Murine CXCR-4 is a functional coreceptor for T-cell-tropic and dual-tropic strains of human immunodeficiency virus type 1.

The human chemokine receptor hCXCR-4 serves as a coreceptor for T-cell-tropic (T-tropic) and dual-tropic strains of human immunodeficiency virus type 1 (HIV-1). We have isolated a homolog of hCXCR-4 from a murine T-cell cDNA library and have examined its ability to function as an HIV-1 coreceptor. mCXCR-4 was found to be 91% identical to the human receptor at the amino acid level, with sequence differences concentrated in extracellular domains.

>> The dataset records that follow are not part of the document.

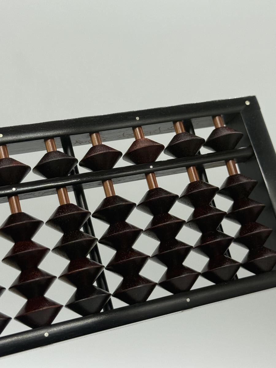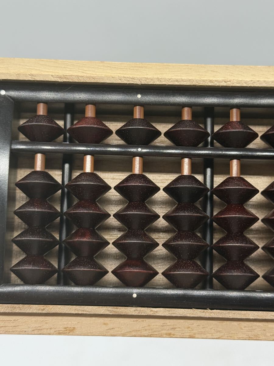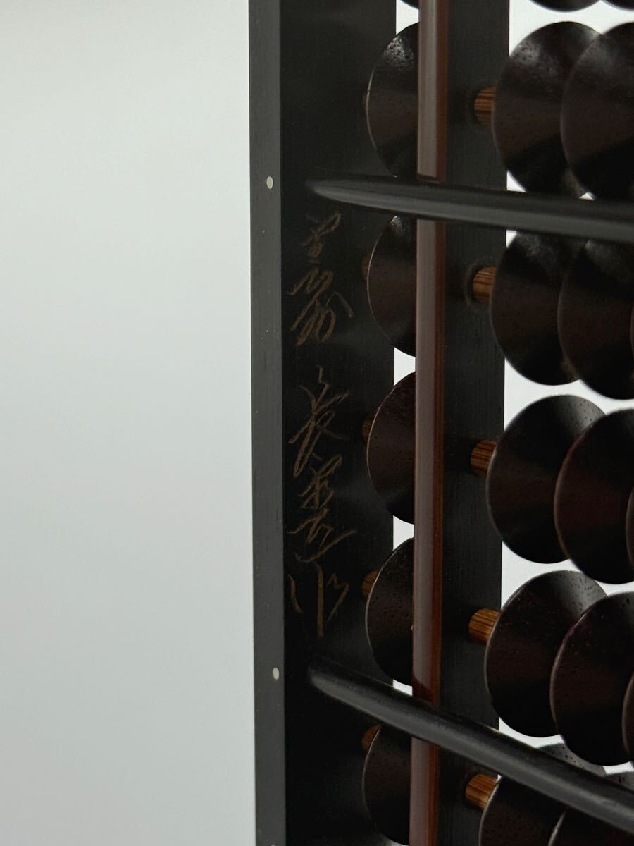 濃い赤褐色の深みある紅木(ローズウッド)が使用されており、玉の形状・均一性・手触り、枠の作りからも職人技が感じられる逸品です。重厚で安定感があり、実用にも鑑賞にも適したそろばんです。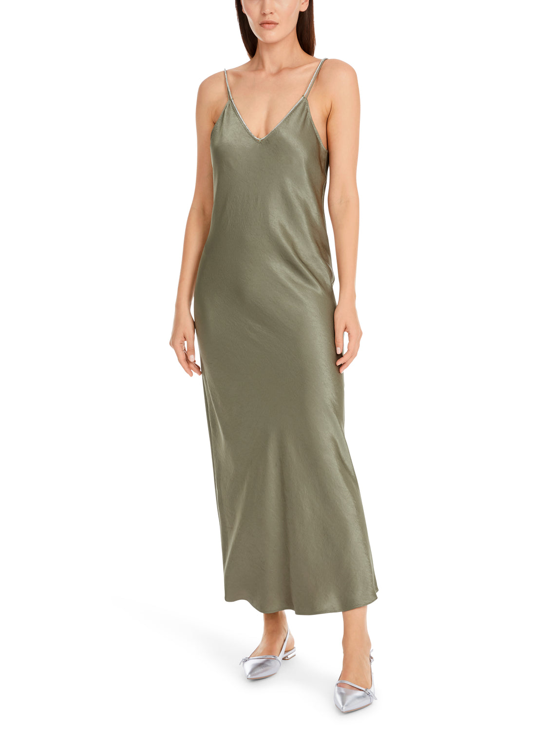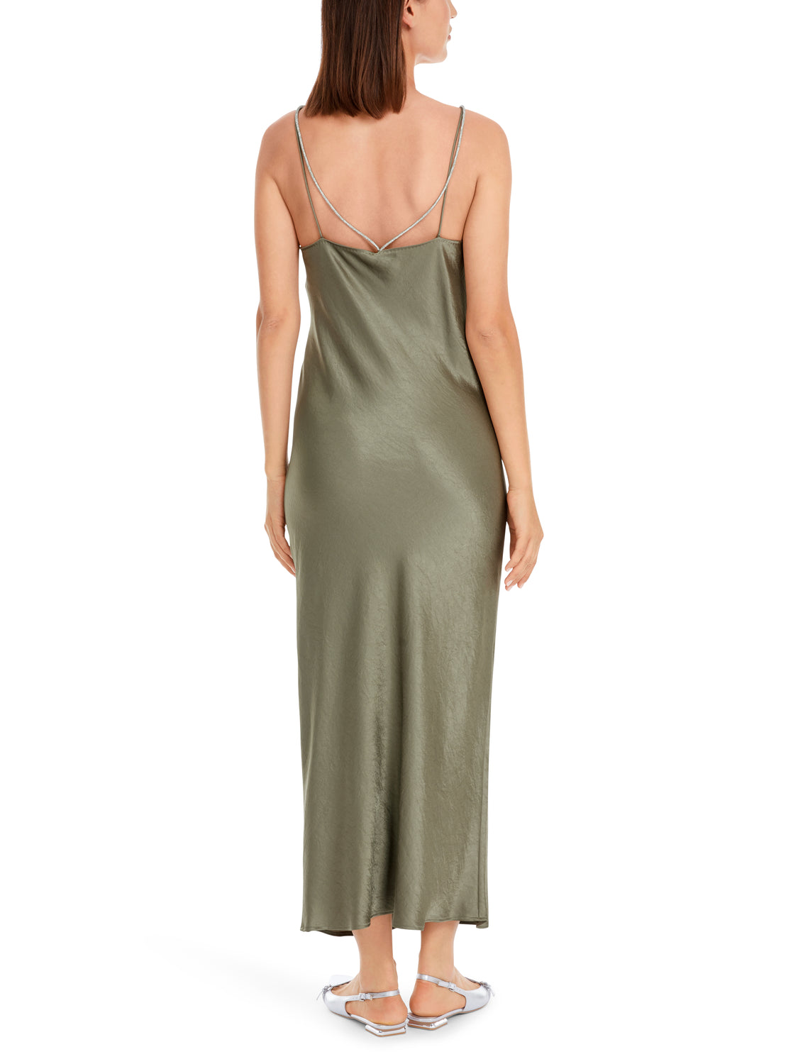 Het hoogtepunt van deze jurk met lange bandjes is het strikkoord met strass-steentjes aan de diepe V-hals. De jurk maakt ook indruk met zijn zachte, vloeiende materiaal en subtiele glans. Hij zit losjes om het figuur. Het stikseleffect aan de randen is een prachtig detail.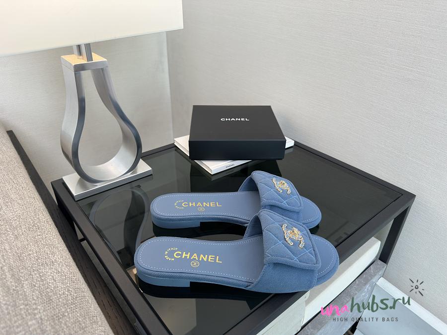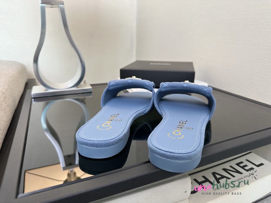 Chanel Blue Denim Slides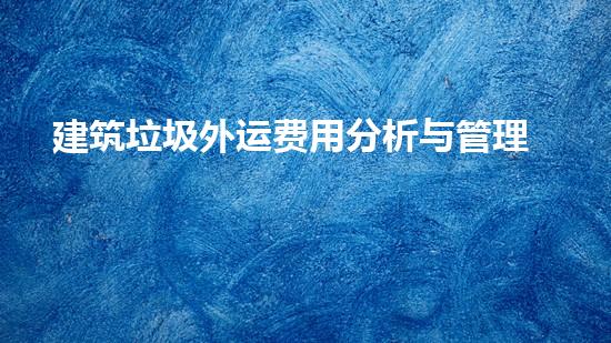 建筑垃圾外运费用分析与管理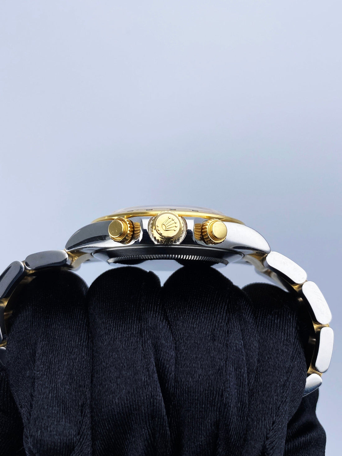 Rolex Oyster Perpetual Daytona 116523 Mens Watch. 40mm stainless steel case with 18K yellow gold tachymeter bezel. Mother of pearl dial with gold hands and factory diamond hour marker. Three sub-dials. Small seconds hand at 6 o'clock. 30-minute counter at 3 o'clock. 12-hour counter at 9 o'clock. Minute maker on the outer dial. Stainless steel and 18K yellow gold Oyster bracelet with fold over clasp with safety. Will fit up to 7.5-Inch wrist. Sapphire crystal. Stainless steel case back. Automatic self-winding movement.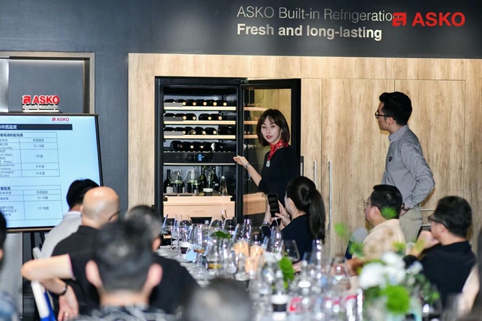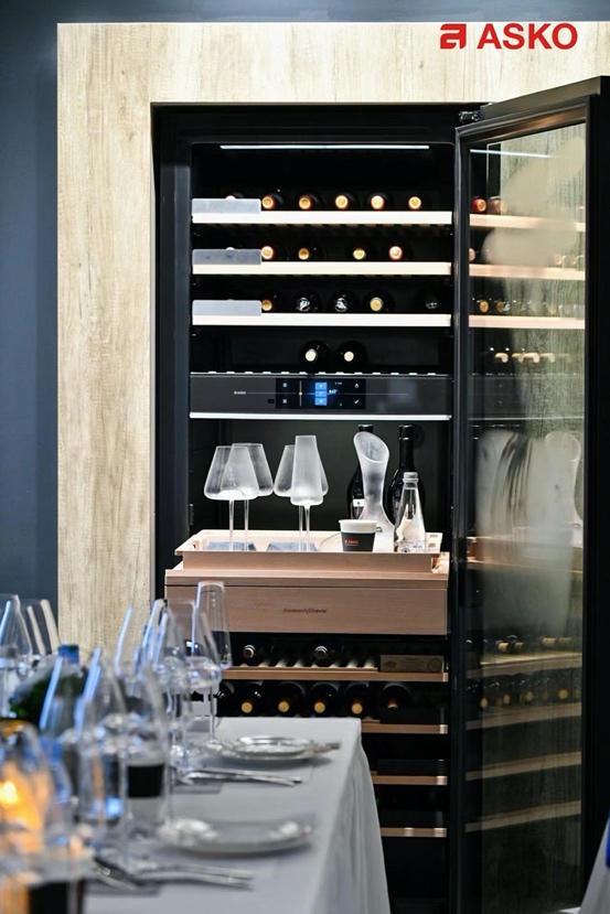 于醇境之地共赏智慧窖藏,于历史沉淀共品百味臻酿。在讲述酒品背后传奇故事的同时,刘巍然讲师也以专业侍酒师的身份向来访雅士现场科普餐酒搭配的基本原则,展示专业的葡萄酒品鉴方法,并精心选配顶级窖藏,佐以鲜盛至味,以一场舌尖上的芭蕾,带来奢享侍酒体验。斯洛文尼亚被誉为欧洲葡萄种植带心脏,ASKO于此奉上产自斯洛文尼亚四大酒庄的玛珊海藏桃红起泡,国窖巴尔达伯爵夫人起泡,仙鹤桃红年份起泡,葡图伊长相思干白,诗黛雅琼瑶浆橙酒,爱则奇陶罐赤霞珠干红,葡图伊百比诺1983年老酒与产自意大利的加伯莱阿奎莱斯长相思干白,加伯莱傲图莱弗斯科干红共九款臻选佳酿,ASKO智能三温区酒柜赋予其精准定位,轻松锁定佳酿位置,随时监控存酒状态;最多专业存储190瓶葡萄酒,打造恒温、恒湿、避震、避光、祛味的专业大容量储酒环境,独特精准控温技术激发酒品标志性口感,媲美专业酒窖,于赏味一瞬感受万般滋味。百年匠心工艺奢护至醇至厚,完美诉说醇香一世,高贵一生。迄今,ASKO智能三温区酒柜共申请了专利23项,其中发明专利18项,也获得了代表全球工业设计最高水平的2021年德国IF设计金奖,得到了国内外的广泛认可。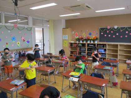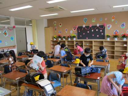 下校の準備の様子です。名札の取り外しも上手になってきました。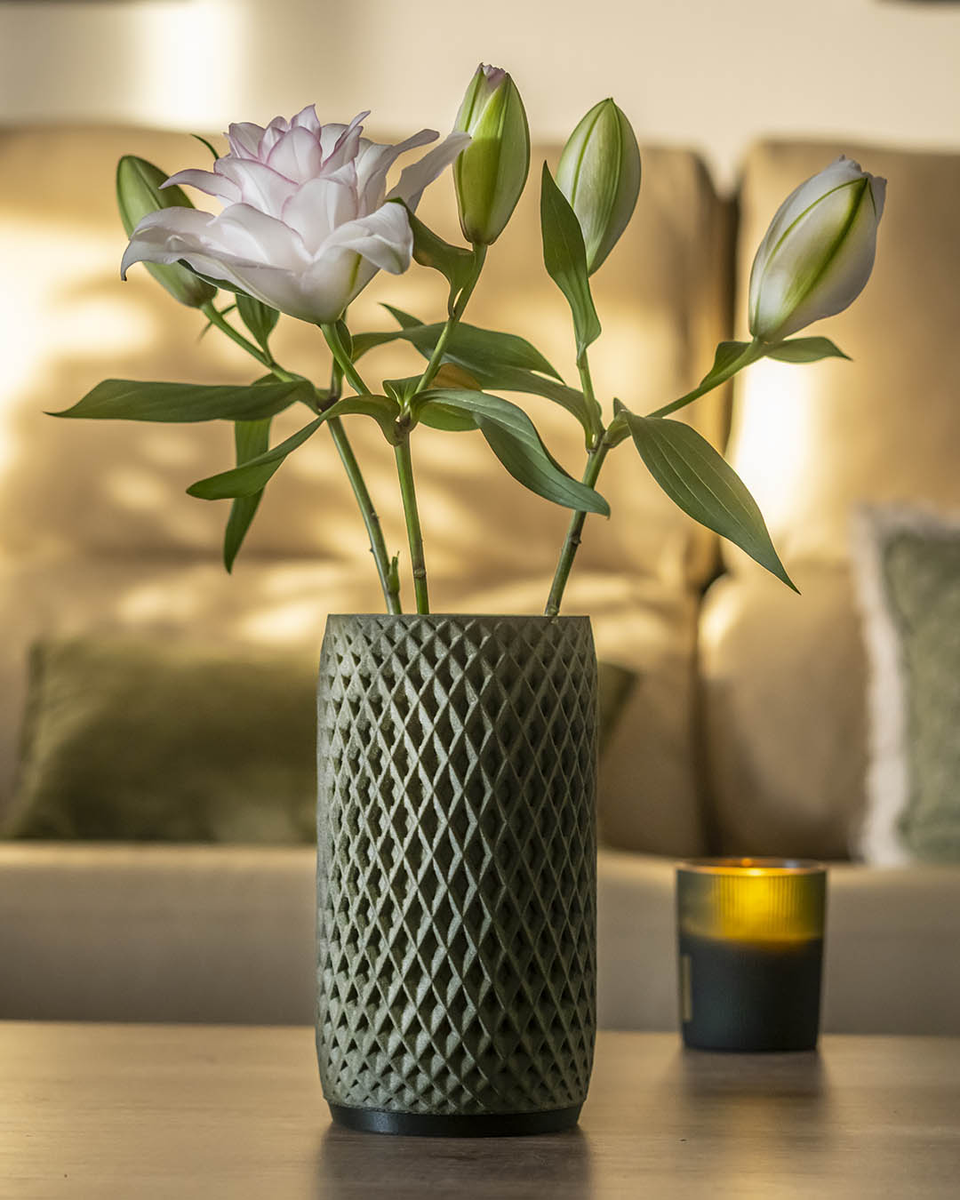 Diseño clásico reinterpretado con nuestro patrón de rombos minimalista. Impreso en 3D con PLA Algae, un material biodegradable y compostable con un 20% de algas naturales y 0% colorantes.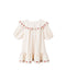 Our Cordelia Dress features elasticized sleeve openings and dainty embroidered ruffle along the neck and bottom skirt ruffle.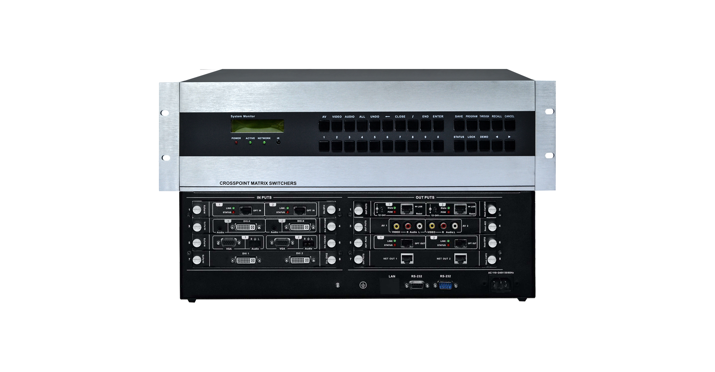 ●输入输出:最大支持16路信号输入,16路信号输出。支持嵌入式多通道数字音频信号的交叉切换。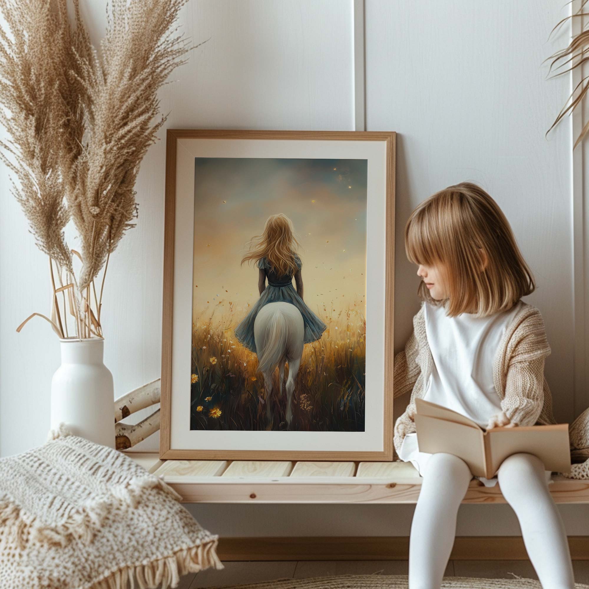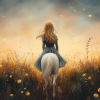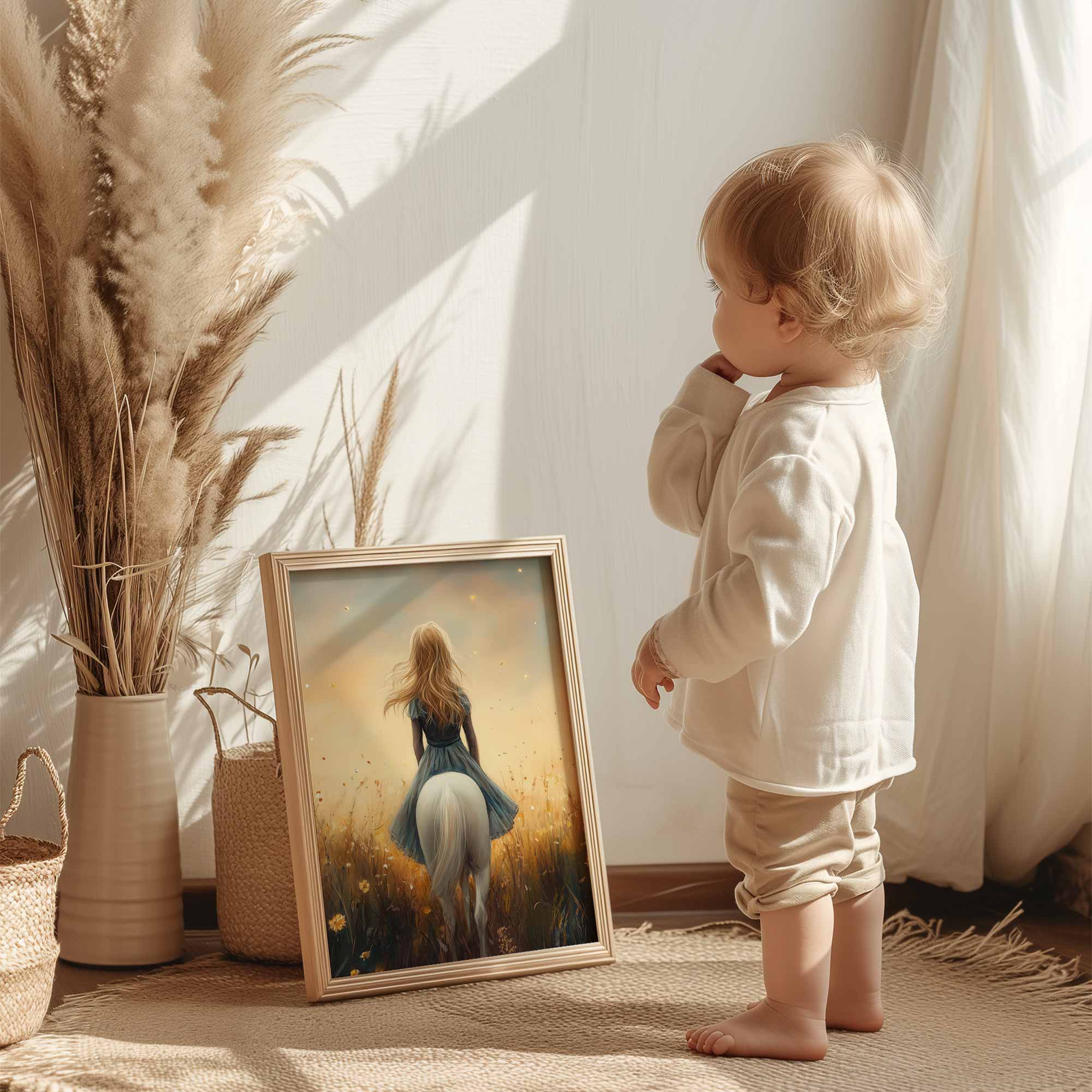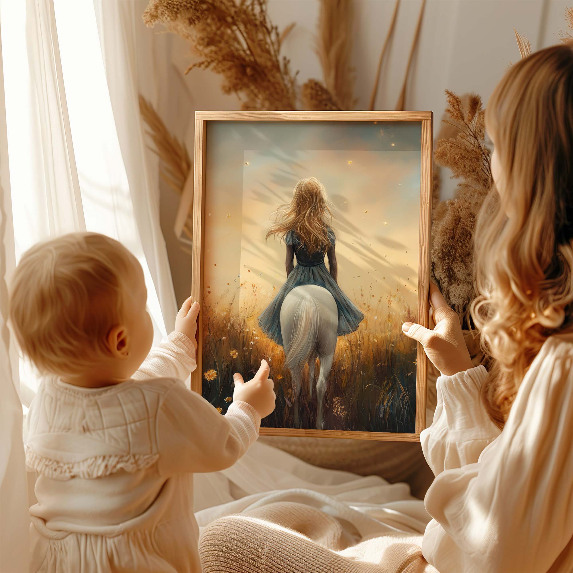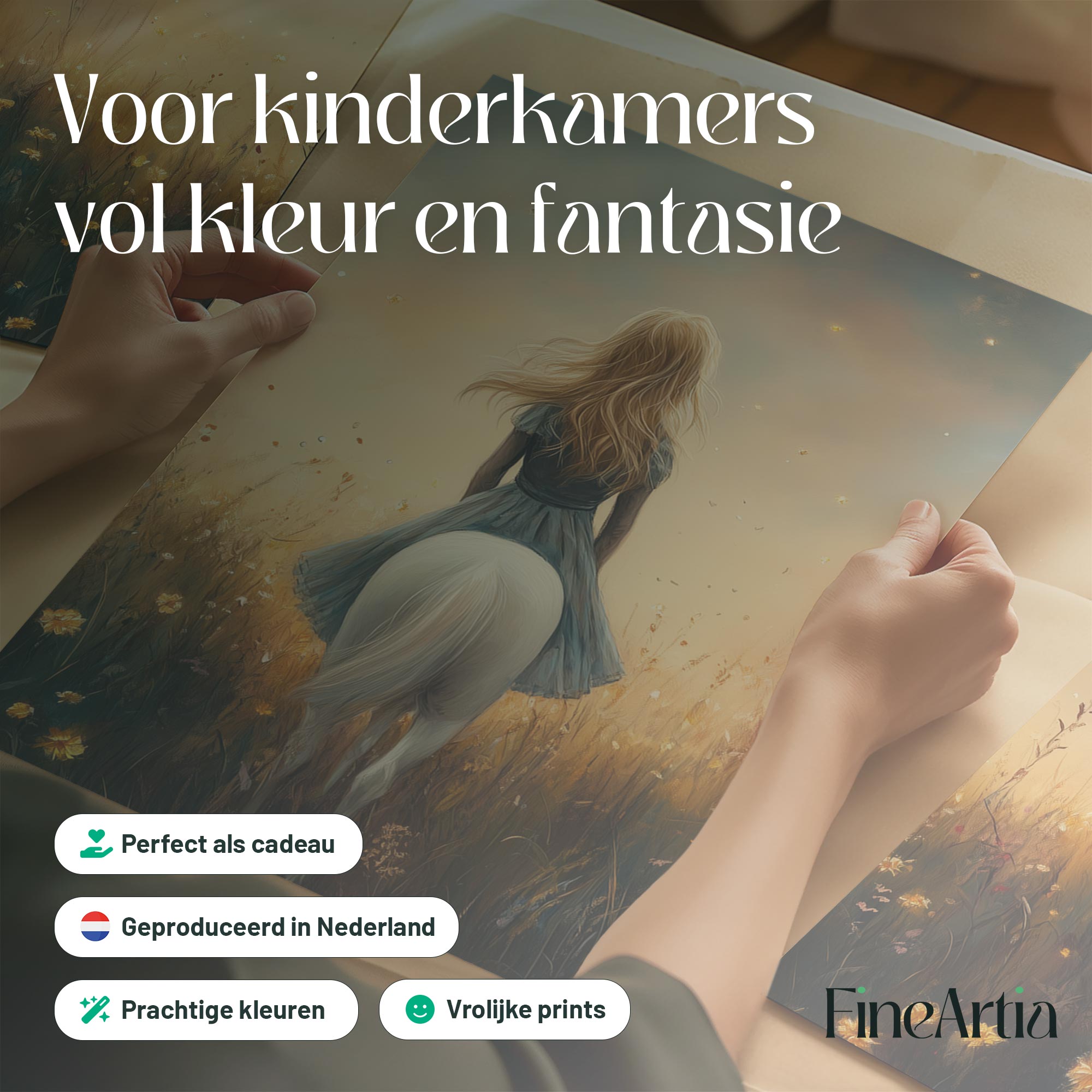 Terug naar collectie Posters Dromerig Meisje op Wit Paard tussen Bloemen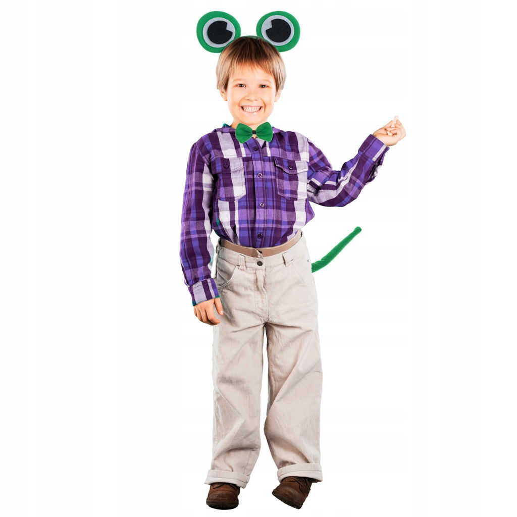 W zestawie znajdziesz zieloną opaskę z oczkami, zieloną muszkę i zielony ogonek. Każdy na imprezie z pewnością będzie wiedział, za kogo przebrał się Twój maluch – uroczą żabkę!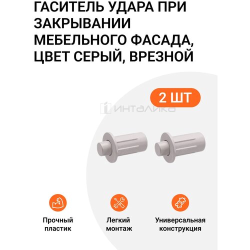 Мебельный демпфер амортизатор для плавного закрывания двери, универсальный (накладной и врезной), темно-серый, 2 шт

Surprisingly, coexpression of both hCD4 and mCXCR-4 on either simian or murine cell lines rendered them permissive for HIV-1-induced cell fusion, indicating that mCXCR-4 is a functional HIV-1 coreceptor. As with hCXCR-4, coreceptor function was restricted to T-tropic and dual-tropic HIV-1 strains. Ribonuclease protection analysis indicated that mCXCR-4 mRNA was expressed in only two of six murine cell lines tested. In contrast, Northern blot analysis of human and mouse tissues revealed that CXCR-4 is widely expressed in both species in vivo. Overall, these data suggest that the reported lack of susceptibility of hCD4+ murine cells to HIV-1 infection in vitro is, at least in part, due to a lack of mCXCR-4 expression rather than a lack of coreceptor function.